(Recorded data)
Segment Open

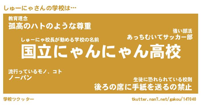 | 男性向けラノベタイトル風あだ名 | 『しゅーにゃの憂鬱』 |
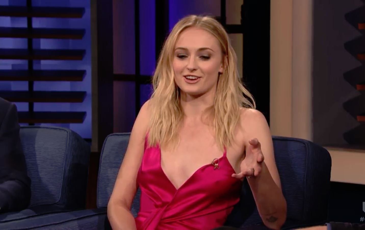 Актриса София Тернер показала свои твердые соски, надев красное платье на шоу Конана, 06/05/2019. Она рассказала Конану О’Брайену о стакане Starbucks в “Игре престолов” 8 сезона, 4 серии.
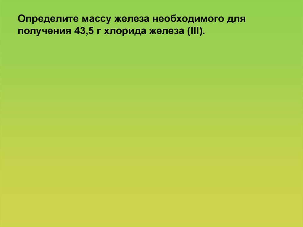 Определите массу железа необходимого дляполучения 43,5 г хлорида железа (ІІІ).
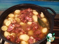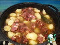За счет того, что хрящи хорошо режутся, нарезаем их такими кусками, какими нам больше нравится и перекладываем в тушилку. Туда же очищенный картофель одновременно. Заливаем водой и ставим на огонь. |
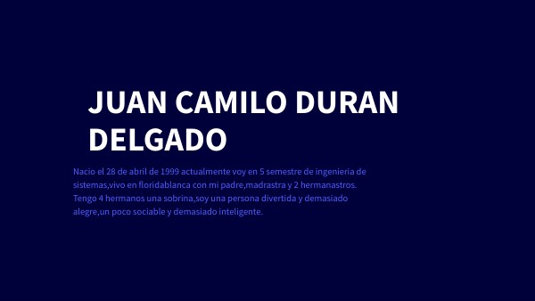 Nacio el 28 de abril de 1999 actualmente voy en 5 semestre de ingenieria de sistemas,vivo en floridablanca con mi padre,madrastra y 2 hermanastros. Tengo 4 hermanos una sobrina,soy una persona divertida y demasiado alegre,un poco sociable y demasiado inteligente.
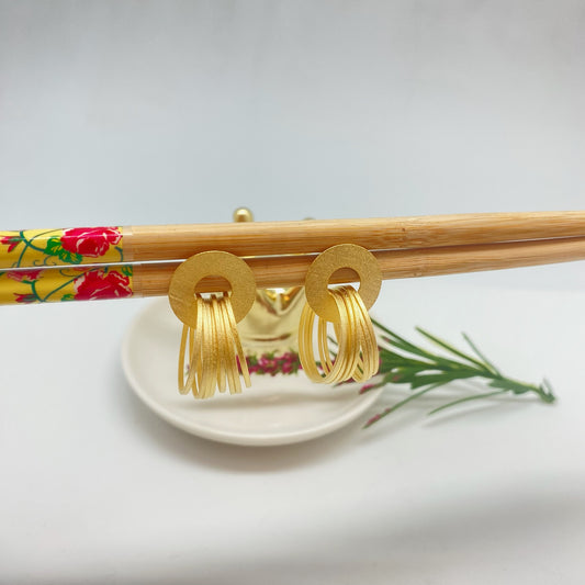 XO422 Aro Argollas Corto Lijado Base Argollas pegadas 18 mm y 3 argollas entrelazadas Largo total 30 mm Aro Baño Oro
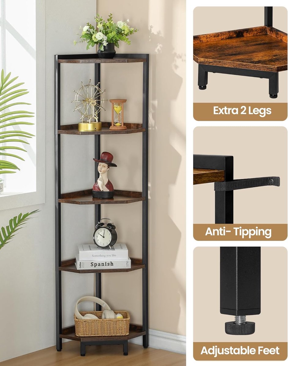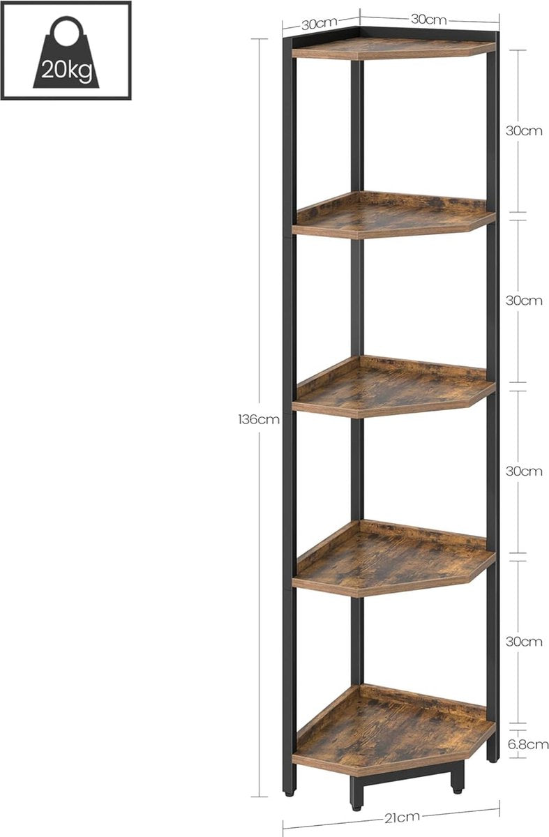 Hoekplankstandaard, 5-laags hoekboekenkast, opbergstandaard met metalen frame, plantenstandaard, hoekboekenkast voor woonkamer, thuiskantoor, rustiek bruin en zwart
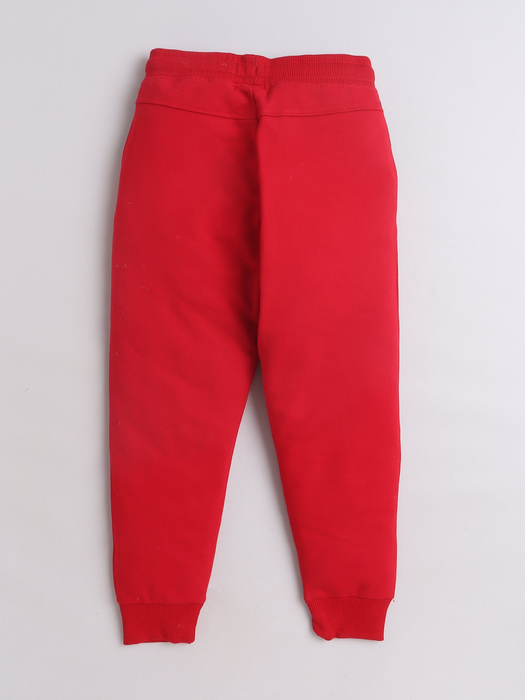 Boys' Cotton Solid Joggers With Drawstring Closure - Red

Segment Closed

### DIRECTIONS FOR THIS TASK
Return all the lines above exactly; none of the pictures should appear.

### ANSWER SECTION
 | 男性向けラノベタイトル風あだ名 | 『しゅーにゃの憂鬱』 |
 Актриса София Тернер показала свои твердые соски, надев красное платье на шоу Конана, 06/05/2019. Она рассказала Конану О’Брайену о стакане Starbucks в “Игре престолов” 8 сезона, 4 серии.
 Определите массу железа необходимого дляполучения 43,5 г хлорида железа (ІІІ).
За счет того, что хрящи хорошо режутся, нарезаем их такими кусками, какими нам больше нравится и перекладываем в тушилку. Туда же очищенный картофель одновременно. Заливаем водой и ставим на огонь. |
 Nacio el 28 de abril de 1999 actualmente voy en 5 semestre de ingenieria de sistemas,vivo en floridablanca con mi padre,madrastra y 2 hermanastros. Tengo 4 hermanos una sobrina,soy una persona divertida y demasiado alegre,un poco sociable y demasiado inteligente.
 XO422 Aro Argollas Corto Lijado Base Argollas pegadas 18 mm y 3 argollas entrelazadas Largo total 30 mm Aro Baño Oro
 Hoekplankstandaard, 5-laags hoekboekenkast, opbergstandaard met metalen frame, plantenstandaard, hoekboekenkast voor woonkamer, thuiskantoor, rustiek bruin en zwart
 Boys' Cotton Solid Joggers With Drawstring Closure - Red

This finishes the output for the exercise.